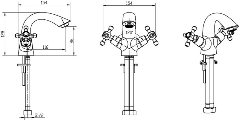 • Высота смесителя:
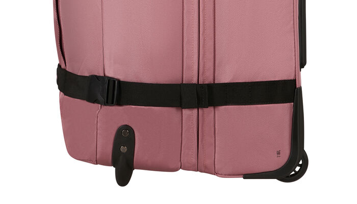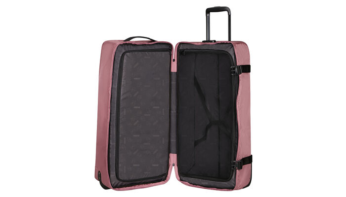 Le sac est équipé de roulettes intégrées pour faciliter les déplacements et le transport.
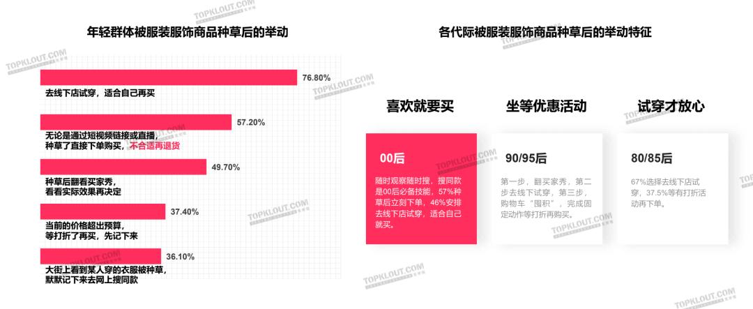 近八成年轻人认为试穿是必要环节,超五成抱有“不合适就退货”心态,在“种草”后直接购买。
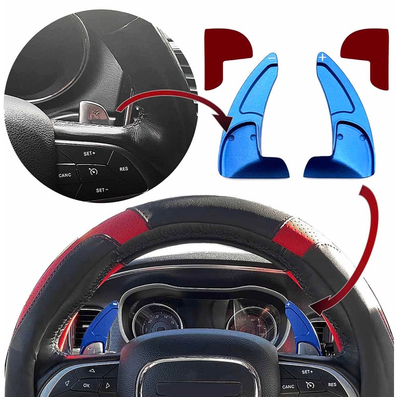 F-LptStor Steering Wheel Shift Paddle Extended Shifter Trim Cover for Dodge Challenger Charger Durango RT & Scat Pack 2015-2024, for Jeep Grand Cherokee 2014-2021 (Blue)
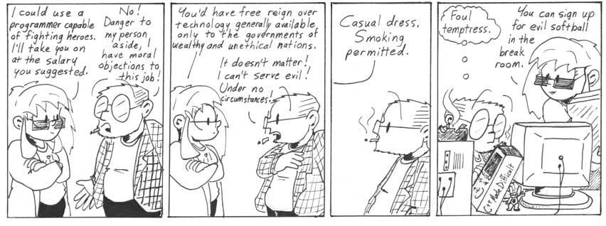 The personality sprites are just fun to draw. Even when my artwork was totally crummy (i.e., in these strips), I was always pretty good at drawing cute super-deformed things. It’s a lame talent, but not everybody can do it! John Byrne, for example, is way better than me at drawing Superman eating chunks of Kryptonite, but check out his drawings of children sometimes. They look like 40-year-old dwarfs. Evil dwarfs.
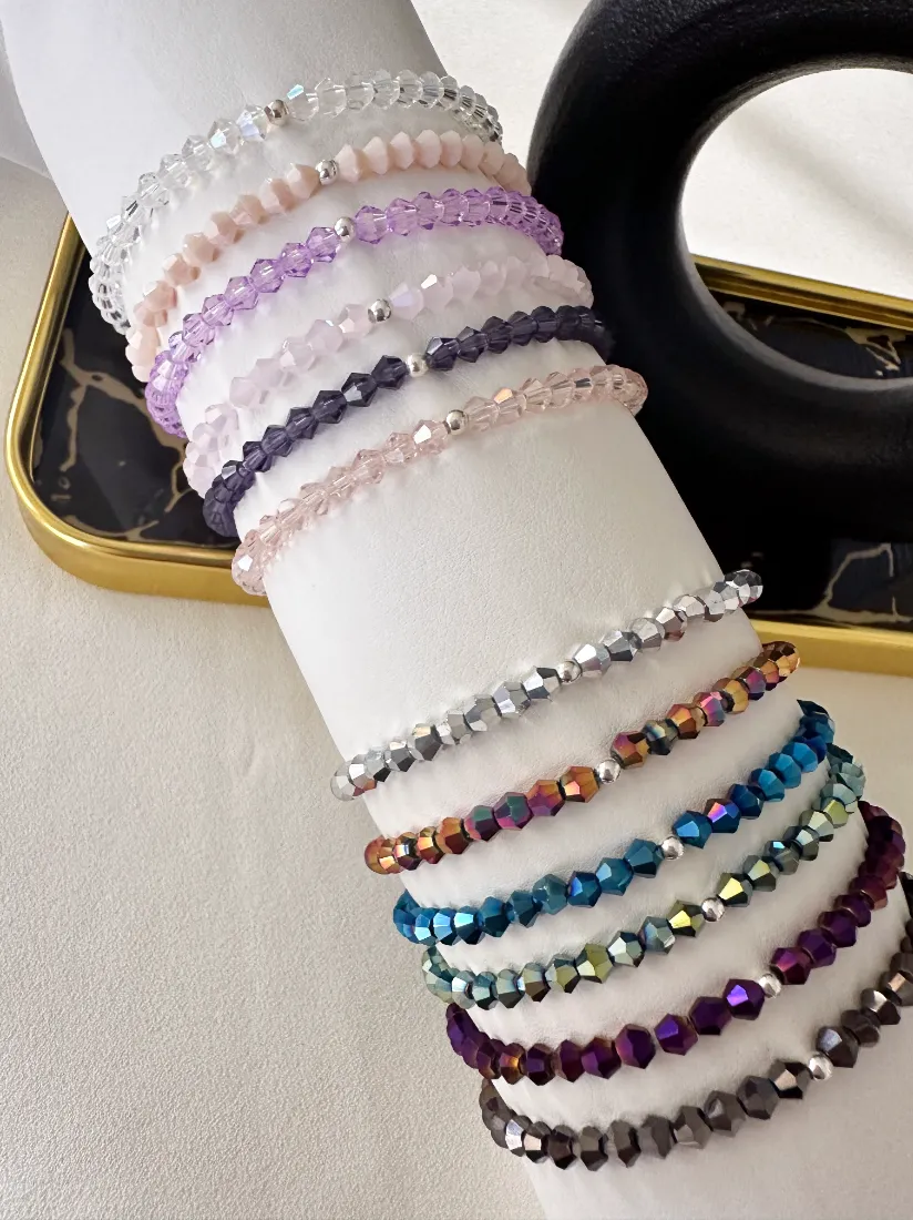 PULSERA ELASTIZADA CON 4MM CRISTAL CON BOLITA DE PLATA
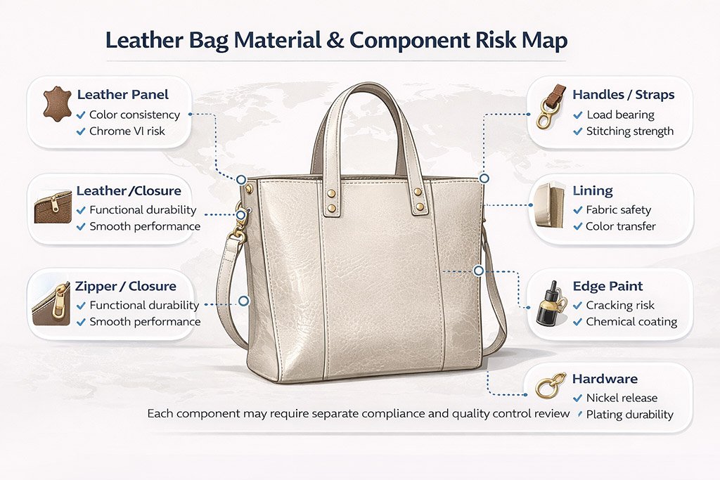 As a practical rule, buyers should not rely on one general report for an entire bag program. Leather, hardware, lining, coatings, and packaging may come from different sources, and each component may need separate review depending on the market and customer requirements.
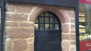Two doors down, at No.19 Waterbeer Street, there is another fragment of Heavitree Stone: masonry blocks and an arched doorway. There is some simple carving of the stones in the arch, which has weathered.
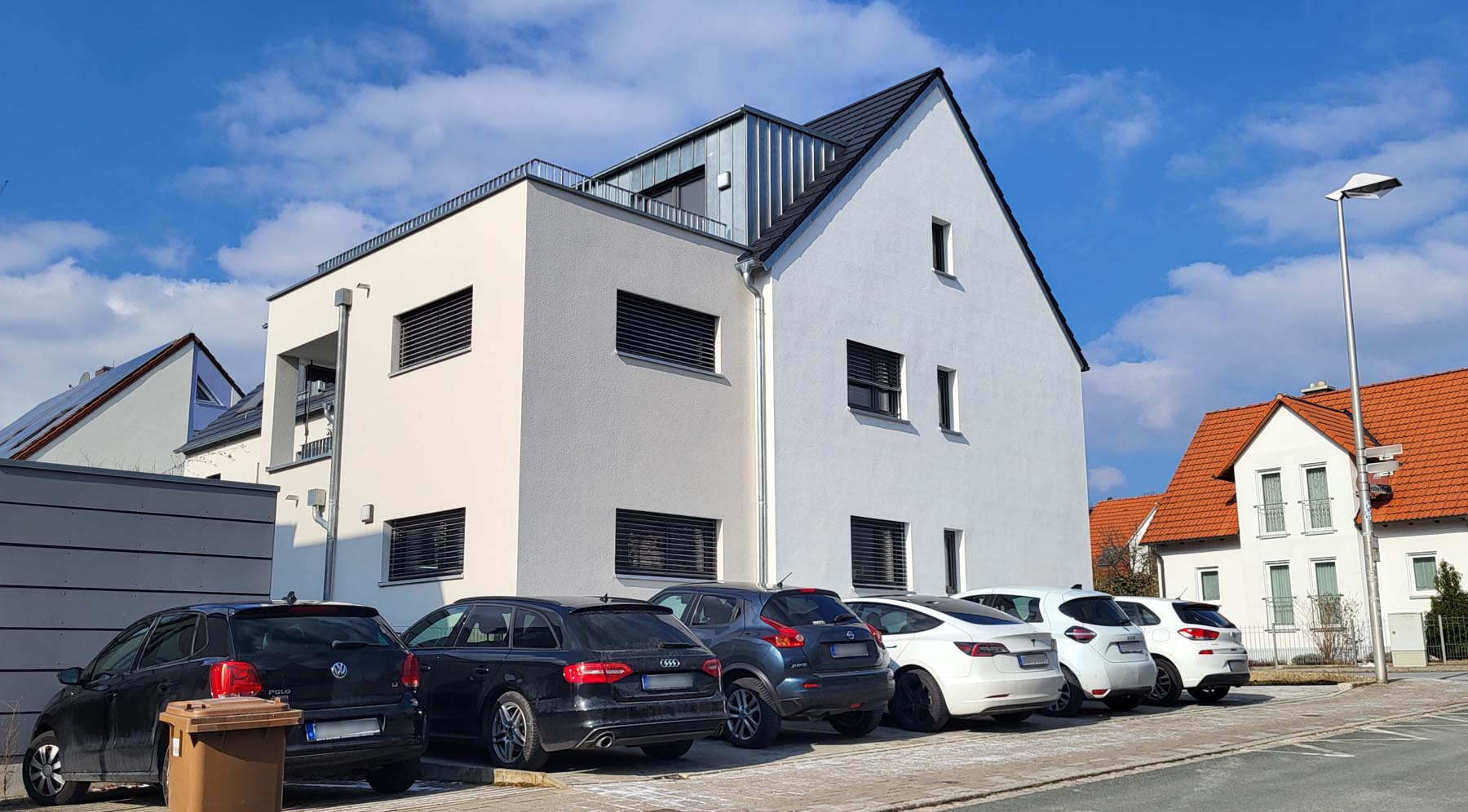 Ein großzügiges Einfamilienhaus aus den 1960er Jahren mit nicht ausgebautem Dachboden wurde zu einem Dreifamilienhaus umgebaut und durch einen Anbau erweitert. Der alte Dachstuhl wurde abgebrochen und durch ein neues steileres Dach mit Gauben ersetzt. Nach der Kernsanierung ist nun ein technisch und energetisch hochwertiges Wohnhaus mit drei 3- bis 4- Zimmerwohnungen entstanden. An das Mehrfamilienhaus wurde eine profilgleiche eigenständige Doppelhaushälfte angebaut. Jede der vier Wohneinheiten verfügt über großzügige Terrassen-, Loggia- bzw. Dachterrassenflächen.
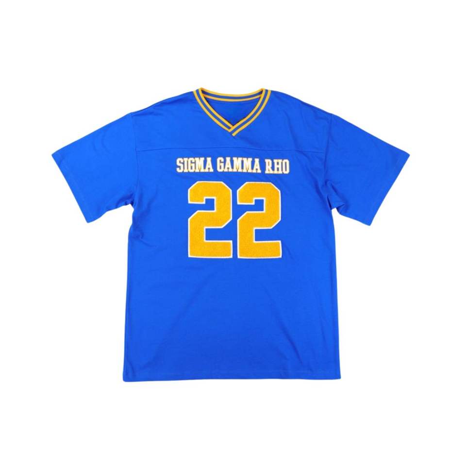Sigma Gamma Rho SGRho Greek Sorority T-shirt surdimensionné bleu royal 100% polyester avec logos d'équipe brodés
* * *
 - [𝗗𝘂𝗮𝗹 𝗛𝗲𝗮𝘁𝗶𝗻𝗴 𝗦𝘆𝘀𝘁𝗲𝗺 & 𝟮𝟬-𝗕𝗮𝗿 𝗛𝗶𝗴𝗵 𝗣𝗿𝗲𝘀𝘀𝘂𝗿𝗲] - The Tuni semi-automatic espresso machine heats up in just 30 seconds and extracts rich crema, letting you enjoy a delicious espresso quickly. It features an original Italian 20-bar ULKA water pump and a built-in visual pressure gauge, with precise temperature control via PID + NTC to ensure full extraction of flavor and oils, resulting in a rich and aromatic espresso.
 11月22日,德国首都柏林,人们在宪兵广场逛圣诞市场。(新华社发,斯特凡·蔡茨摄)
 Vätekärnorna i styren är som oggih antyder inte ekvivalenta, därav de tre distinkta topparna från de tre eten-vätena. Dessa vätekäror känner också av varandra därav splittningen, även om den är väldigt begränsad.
---
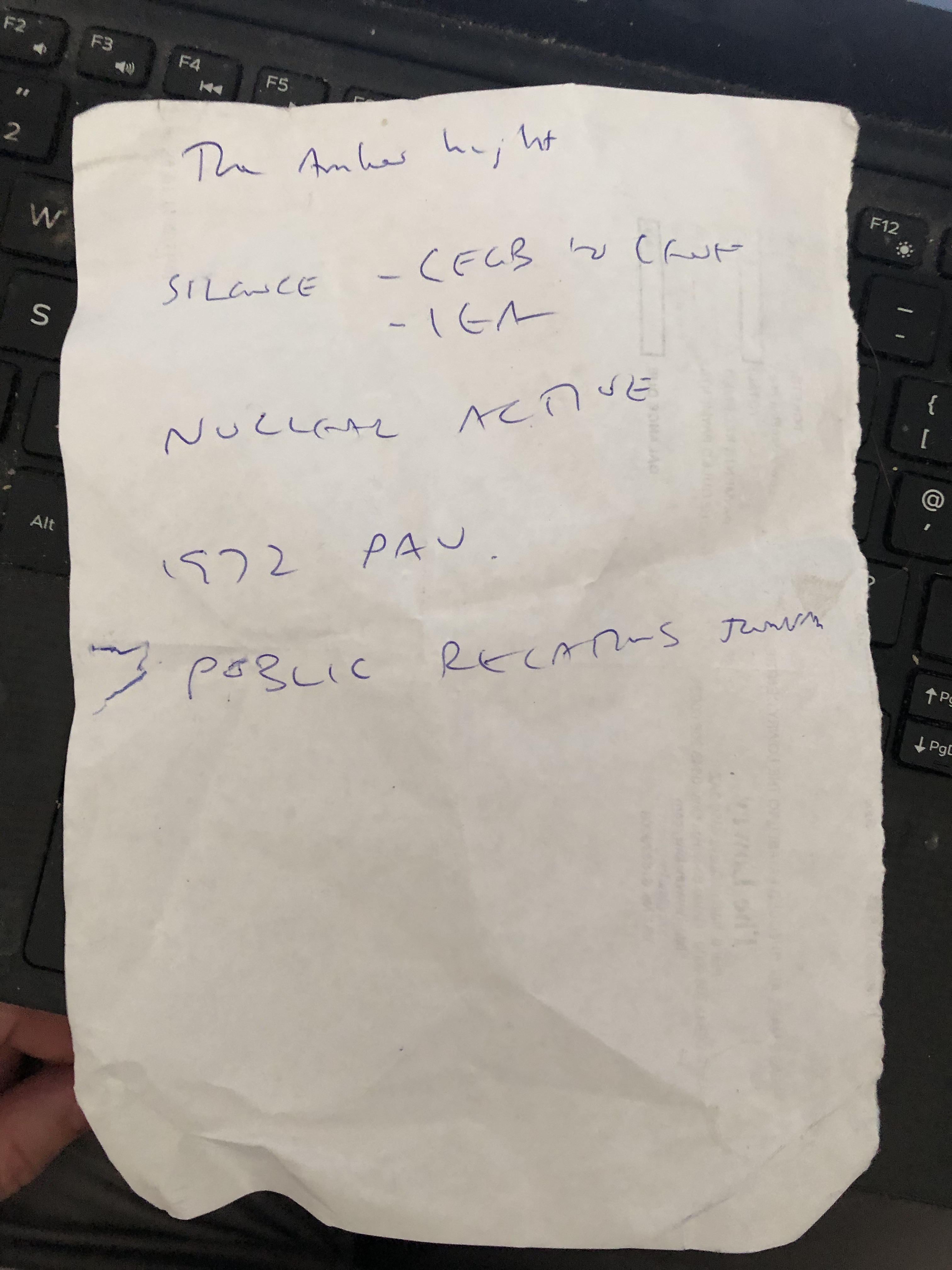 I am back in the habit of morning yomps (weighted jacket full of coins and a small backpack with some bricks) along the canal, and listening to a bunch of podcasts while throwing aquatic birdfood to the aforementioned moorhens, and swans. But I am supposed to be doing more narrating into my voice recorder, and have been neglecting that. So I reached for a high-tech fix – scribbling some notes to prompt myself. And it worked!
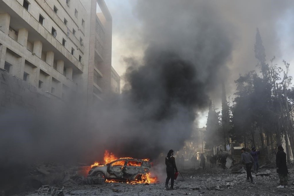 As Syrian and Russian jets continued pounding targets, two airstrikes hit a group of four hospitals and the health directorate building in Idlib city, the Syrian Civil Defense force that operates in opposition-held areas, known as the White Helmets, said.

§ **Requirement**: For this exercise, transcribe exactly the part of the records above that opens with the line containing "Le sac est équipé" and closes with the one containing "Two doors down, at". Pictures are not part of the copy.

§ **Answer for this exercise**:
 Le sac est équipé de roulettes intégrées pour faciliter les déplacements et le transport.
 近八成年轻人认为试穿是必要环节,超五成抱有“不合适就退货”心态,在“种草”后直接购买。
 F-LptStor Steering Wheel Shift Paddle Extended Shifter Trim Cover for Dodge Challenger Charger Durango RT & Scat Pack 2015-2024, for Jeep Grand Cherokee 2014-2021 (Blue)
 The personality sprites are just fun to draw. Even when my artwork was totally crummy (i.e., in these strips), I was always pretty good at drawing cute super-deformed things. It’s a lame talent, but not everybody can do it! John Byrne, for example, is way better than me at drawing Superman eating chunks of Kryptonite, but check out his drawings of children sometimes. They look like 40-year-old dwarfs. Evil dwarfs.
 PULSERA ELASTIZADA CON 4MM CRISTAL CON BOLITA DE PLATA
 As a practical rule, buyers should not rely on one general report for an entire bag program. Leather, hardware, lining, coatings, and packaging may come from different sources, and each component may need separate review depending on the market and customer requirements.
Two doors down, at No.19 Waterbeer Street, there is another fragment of Heavitree Stone: masonry blocks and an arched doorway. There is some simple carving of the stones in the arch, which has weathered.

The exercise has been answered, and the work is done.